The fundamental investment aim of commercial real estate is to generate a stable cash flow. For decades, the traditional long-term FRI lease has provided a safe and secure basis which has been relied upon by funders to make finance available, that in turn has encouraged investment and facilitated the development of modern commercial premises in the retail, leisure and office sector. Provided the tenant remained solvent and open for business, the rent and the service charge would continue to be paid and landlords could meet their funding covenants.
The Covid-19 crisis has, however, turned that concept on its head. There have been multiple reports involving familiar high street names feuding with their landlords over their inability to pay rents. Travelodge is the latest casualty and is set to use a CVA (the restructuring measure increasingly used by ailing retail and leisure operators) to slash rents in an attempt to end a fractious dispute between the hotel chain and its landlords. This all begs the question – is the current commercial leasing system fit for purpose?
It is difficult to predict what life post Covid-19 will look like, but there seems to be a growing call for more flexible, collaborative, partnership based arrangements between landlords and tenants.
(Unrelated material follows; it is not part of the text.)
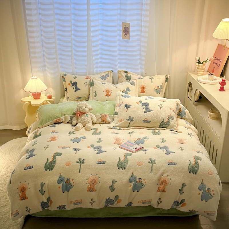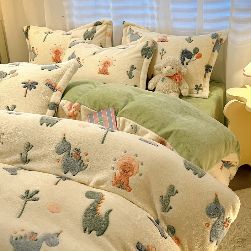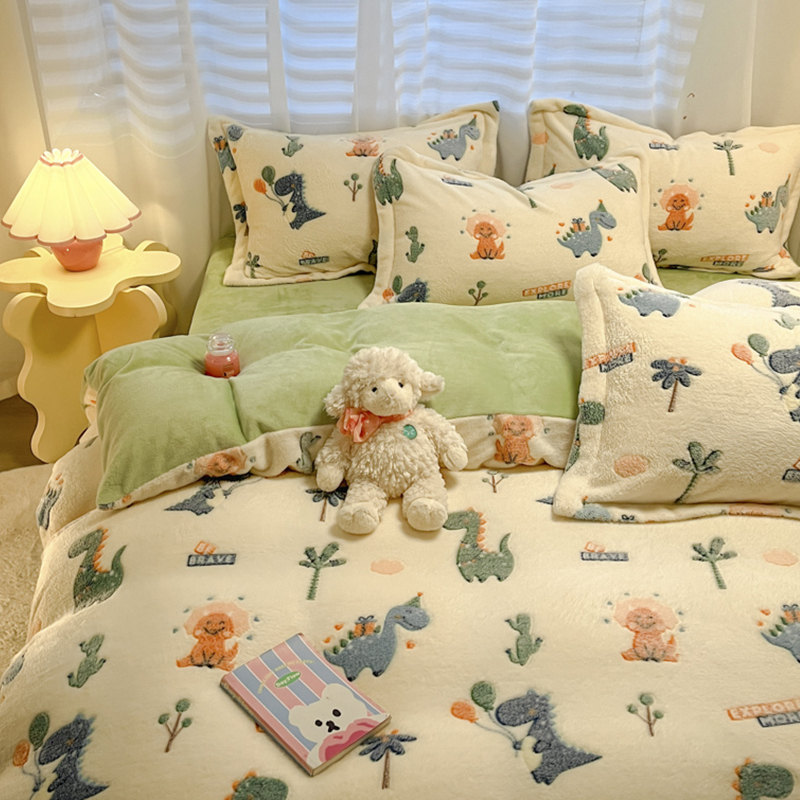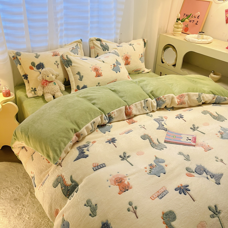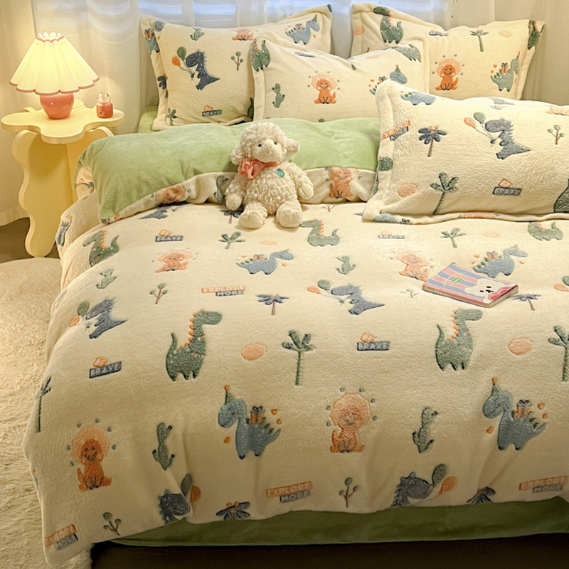 韩巢家纺 2024新款加厚雪花绒印花单件被套-风格一(提供卖家秀 ) 恐龙宝贝(绿)
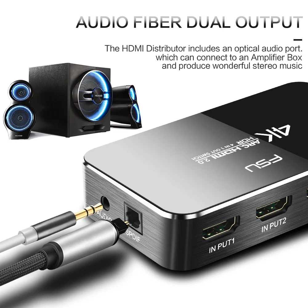 FSU UHD HDMI Switch 2.0 4K HDR 4x1 Adapter Switcher with Audio Extractor 3.5 jack optical fiber cable ARC splitter for HDTV PS4

In that context, upward-only rents benefitting the landlord at the expense of the tenant, which have been at the heart of the British institutional commercial lease for decades, seems to be at odds with this collaborative sentiment. Rather, the reality is that upward-only rents have decimated the retail and leisure sector; tenants are burdened with rents that they can no longer afford to pay and owners burdened with properties that they are unable to let. Who then has the whip hand now?
During this crisis, there has been much comment that turnover rents offer some solution to this problem. These are certainly being considered more frequently and although there are numerous issues to be addressed (how to account for online sales, returns and now the ‘click and collect’ phenomenon), it is very likely that these will feature as part of the new way in which landlords and tenants operate in the future. Regarded suspiciously by landlords for years, communication between the parties will be key to overcoming landlords’ resistance to the use of turnover rents on a larger scale. Negotiation and compromise will, of course, come into its own in these new market conditions and so re-assessing business trajectories will be important – tenants could, for example, consider agreeing to a slightly longer lease thereby giving the landlord more security, or undertake to re-fit at the tenant’s own expense. For so long, tenants have been fixated on their businesses and possibly have not thought enough about the property that they are conducting their business from; time, perhaps, for a new outlook.
While e-commerce has changed the face of the high street, the success of remote working in this crisis has also caused many office occupiers to reconsider their actual occupational requirements; what is it that they actually need from their letting space? The standard British institutional commercial lease has encouraged investment in commercial real estate by building owners who are disconnected from the buildings they own and from the tenants in occupation – all that matters is a clear rental income each quarter. However, for a landlord that takes an active interest in its building portfolio and that wishes to ensure that its building remains attractive and lettable, this current pressure for change provides an interesting opportunity and every incentive to build flexibility into the design of new buildings, to ensure from the design stage that buildings throughout their intended lifecycle can easily and economically be maintained and repaired and if needed, upgraded to meet changing technological and communication needs of the potential occupiers.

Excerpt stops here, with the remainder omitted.